#### [Exercise directions]
The records below must be written out exactly, with every picture left behind.

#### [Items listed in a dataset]
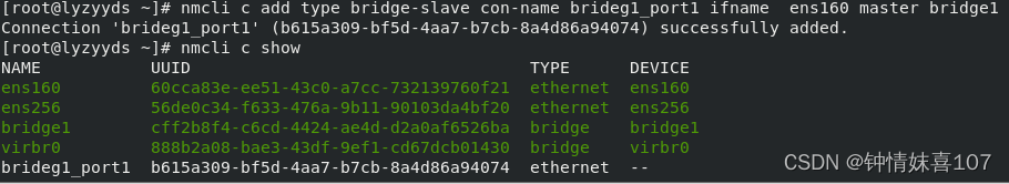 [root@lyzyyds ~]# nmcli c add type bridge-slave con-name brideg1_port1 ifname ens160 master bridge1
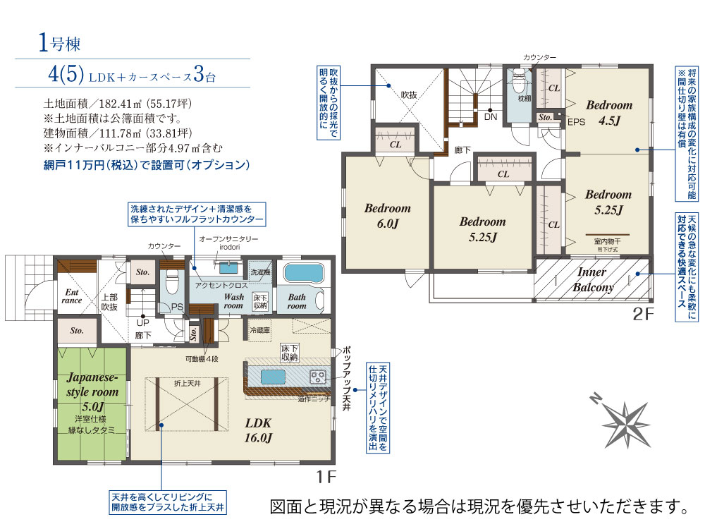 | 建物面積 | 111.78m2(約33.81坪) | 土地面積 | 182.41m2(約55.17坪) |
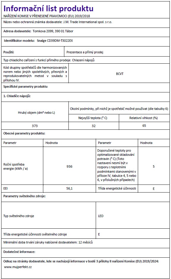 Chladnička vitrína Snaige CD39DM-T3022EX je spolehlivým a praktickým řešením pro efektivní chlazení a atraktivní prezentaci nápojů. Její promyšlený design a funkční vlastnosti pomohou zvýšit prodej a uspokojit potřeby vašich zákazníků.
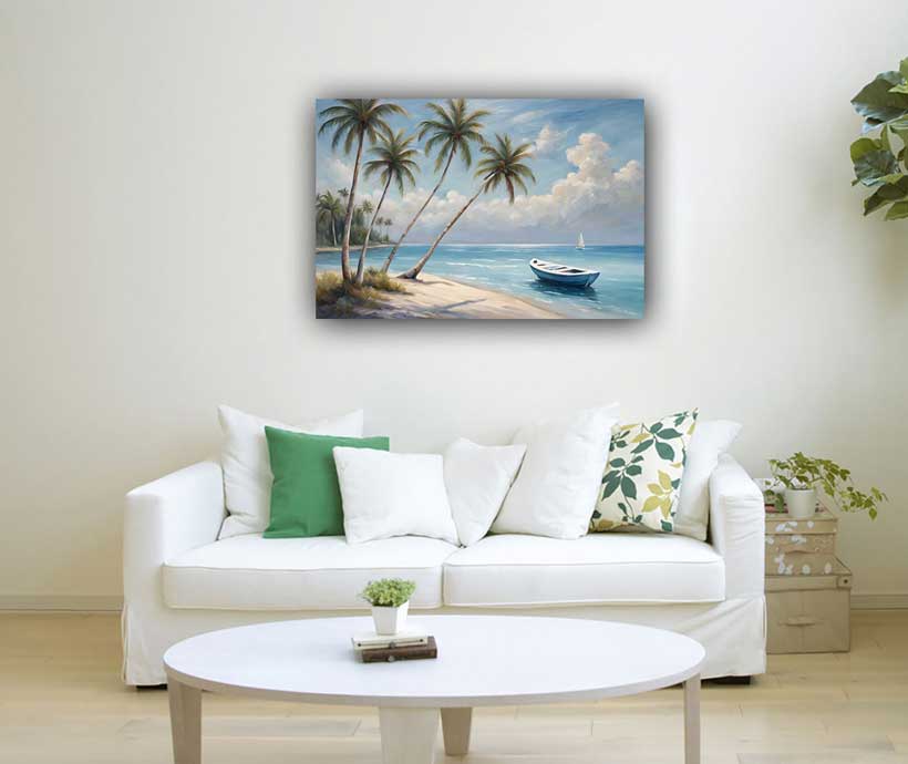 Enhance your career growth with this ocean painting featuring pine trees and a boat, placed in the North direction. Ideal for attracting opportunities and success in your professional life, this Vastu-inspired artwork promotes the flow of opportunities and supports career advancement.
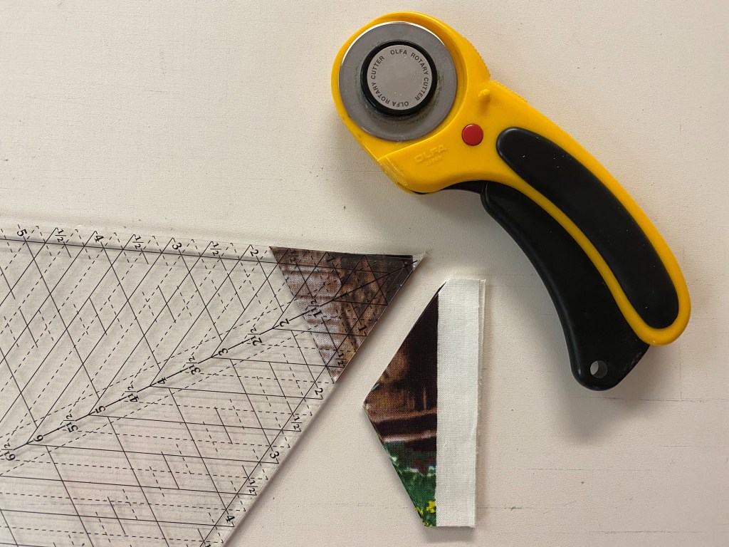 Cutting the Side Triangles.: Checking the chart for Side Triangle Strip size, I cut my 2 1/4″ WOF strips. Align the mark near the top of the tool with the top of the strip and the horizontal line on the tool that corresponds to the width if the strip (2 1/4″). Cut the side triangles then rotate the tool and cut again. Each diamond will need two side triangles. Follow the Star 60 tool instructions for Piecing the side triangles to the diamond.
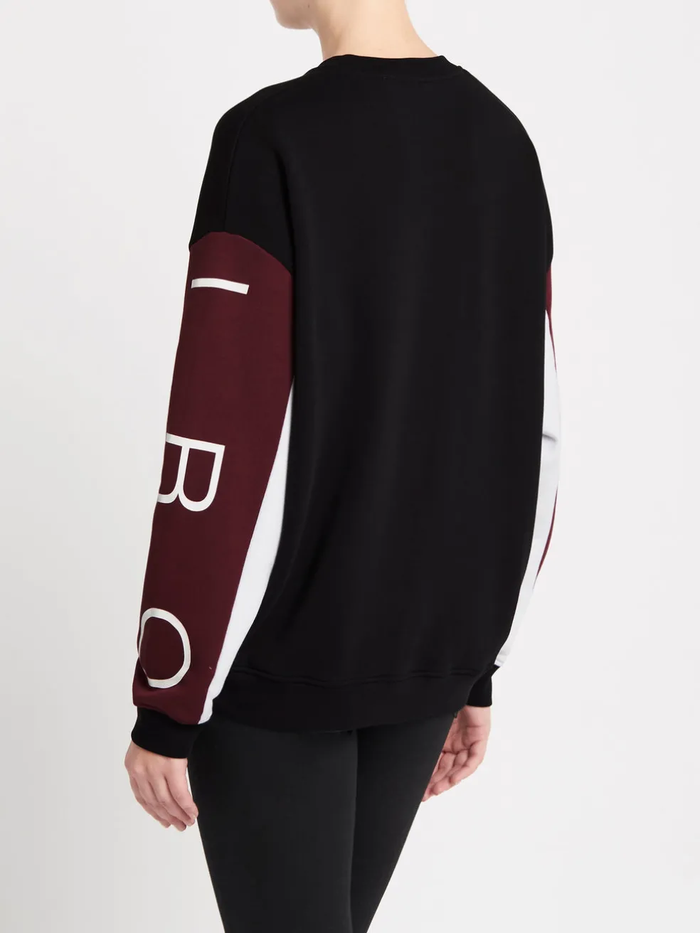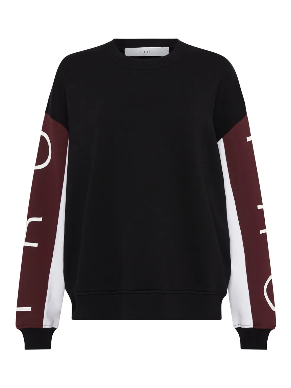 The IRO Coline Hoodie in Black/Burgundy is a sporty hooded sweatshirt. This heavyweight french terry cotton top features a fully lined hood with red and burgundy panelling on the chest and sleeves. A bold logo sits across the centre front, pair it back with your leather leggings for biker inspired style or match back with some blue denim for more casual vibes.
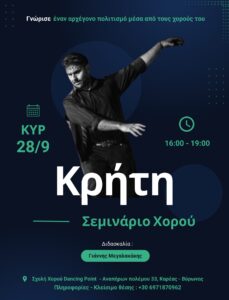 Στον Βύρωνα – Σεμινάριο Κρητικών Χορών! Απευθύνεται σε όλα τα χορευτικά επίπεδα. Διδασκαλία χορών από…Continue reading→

#### [Answer section]
 [root@lyzyyds ~]# nmcli c add type bridge-slave con-name brideg1_port1 ifname ens160 master bridge1
 | 建物面積 | 111.78m2(約33.81坪) | 土地面積 | 182.41m2(約55.17坪) |
 Chladnička vitrína Snaige CD39DM-T3022EX je spolehlivým a praktickým řešením pro efektivní chlazení a atraktivní prezentaci nápojů. Její promyšlený design a funkční vlastnosti pomohou zvýšit prodej a uspokojit potřeby vašich zákazníků.
 Enhance your career growth with this ocean painting featuring pine trees and a boat, placed in the North direction. Ideal for attracting opportunities and success in your professional life, this Vastu-inspired artwork promotes the flow of opportunities and supports career advancement.
 Cutting the Side Triangles.: Checking the chart for Side Triangle Strip size, I cut my 2 1/4″ WOF strips. Align the mark near the top of the tool with the top of the strip and the horizontal line on the tool that corresponds to the width if the strip (2 1/4″). Cut the side triangles then rotate the tool and cut again. Each diamond will need two side triangles. Follow the Star 60 tool instructions for Piecing the side triangles to the diamond.
 The IRO Coline Hoodie in Black/Burgundy is a sporty hooded sweatshirt. This heavyweight french terry cotton top features a fully lined hood with red and burgundy panelling on the chest and sleeves. A bold logo sits across the centre front, pair it back with your leather leggings for biker inspired style or match back with some blue denim for more casual vibes.
 Στον Βύρωνα – Σεμινάριο Κρητικών Χορών! Απευθύνεται σε όλα τα χορευτικά επίπεδα. Διδασκαλία χορών από…Continue reading→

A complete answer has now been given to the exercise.